■ Data section:
= Beginning of Section =
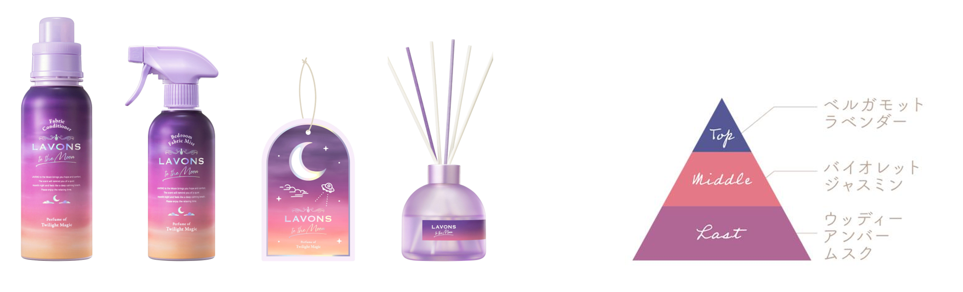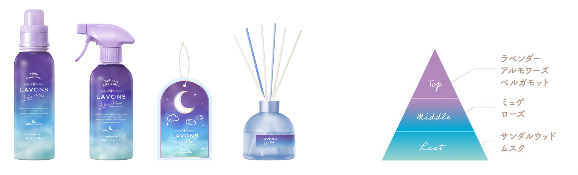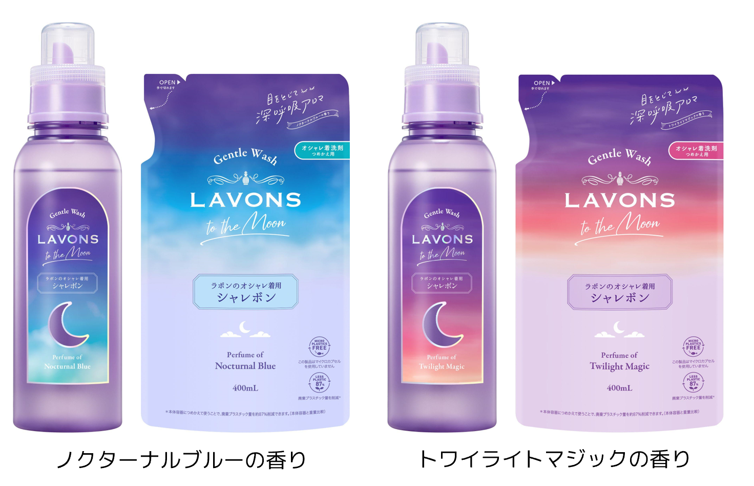 Well Being(ウェルビーイング)ニーズの高まりを背景に、香りによる深いリラックス体験を提供するべく「ラボン」から発売された『ラボン トゥザムーン』シリーズ。思わず深呼吸をしたくなるようなクリアなアンバーとやさしいシトラスを感じる「トワイライトマジックの香り」と、やさしいサンダルウッドと神秘的なアルモワーズがナチュラルに香る「ノクターナルブルーの香り」が人気を博しています。
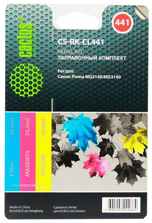 СохранитьРасходный материал для печати Cactus CS-RK-CL441 многоцветный 3x90мл (Заправочный набор) интересное:
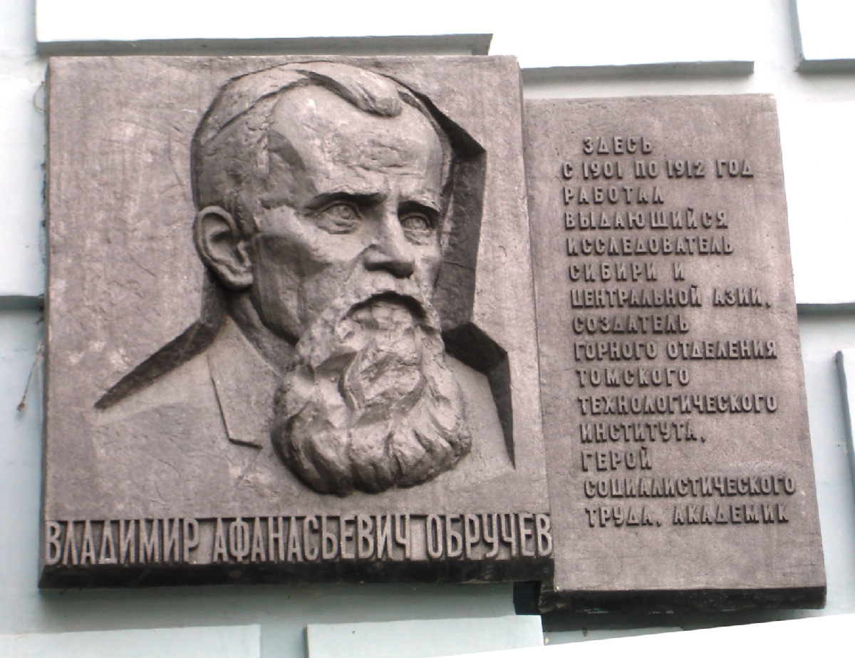«Владимир Афанасьевич Обручев. Здесь с 1901 по 1912 год работал выдающийся исследователь Сибири и Центральной Азии, oснователь горного отделения Томского технологического института, Герой Социалистического Труда, академик Владимир Афанасьевич Обручев»
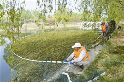 水草是河道生態(tài)環(huán)境的重要組成部分,水草生長(zhǎng)可有效吸附富營(yíng)養(yǎng)化物質(zhì),對(duì)凈化河道水質(zhì)具有重要作用。由于水草生長(zhǎng)期結(jié)束后會(huì)脫落腐爛,為防止其影響河道水環(huán)境,市水務(wù)部門自今年2月起對(duì)中心城區(qū)海河等重點(diǎn)河道斷面水草生長(zhǎng)情況進(jìn)行監(jiān)測(cè),及時(shí)采取機(jī)械收割、人工圍網(wǎng)等多種方式聯(lián)合作業(yè),進(jìn)一步提高打撈效率。
= End of Section =
■ What needs to be done: An exact copy of the listing is required, with every image removed.

■ Solution below:
 Well Being(ウェルビーイング)ニーズの高まりを背景に、香りによる深いリラックス体験を提供するべく「ラボン」から発売された『ラボン トゥザムーン』シリーズ。思わず深呼吸をしたくなるようなクリアなアンバーとやさしいシトラスを感じる「トワイライトマジックの香り」と、やさしいサンダルウッドと神秘的なアルモワーズがナチュラルに香る「ノクターナルブルーの香り」が人気を博しています。
 СохранитьРасходный материал для печати Cactus CS-RK-CL441 многоцветный 3x90мл (Заправочный набор) интересное:
«Владимир Афанасьевич Обручев. Здесь с 1901 по 1912 год работал выдающийся исследователь Сибири и Центральной Азии, oснователь горного отделения Томского технологического института, Герой Социалистического Труда, академик Владимир Афанасьевич Обручев»
 水草是河道生態(tài)環(huán)境的重要組成部分,水草生長(zhǎng)可有效吸附富營(yíng)養(yǎng)化物質(zhì),對(duì)凈化河道水質(zhì)具有重要作用。由于水草生長(zhǎng)期結(jié)束后會(huì)脫落腐爛,為防止其影響河道水環(huán)境,市水務(wù)部門自今年2月起對(duì)中心城區(qū)海河等重點(diǎn)河道斷面水草生長(zhǎng)情況進(jìn)行監(jiān)測(cè),及時(shí)采取機(jī)械收割、人工圍網(wǎng)等多種方式聯(lián)合作業(yè),進(jìn)一步提高打撈效率。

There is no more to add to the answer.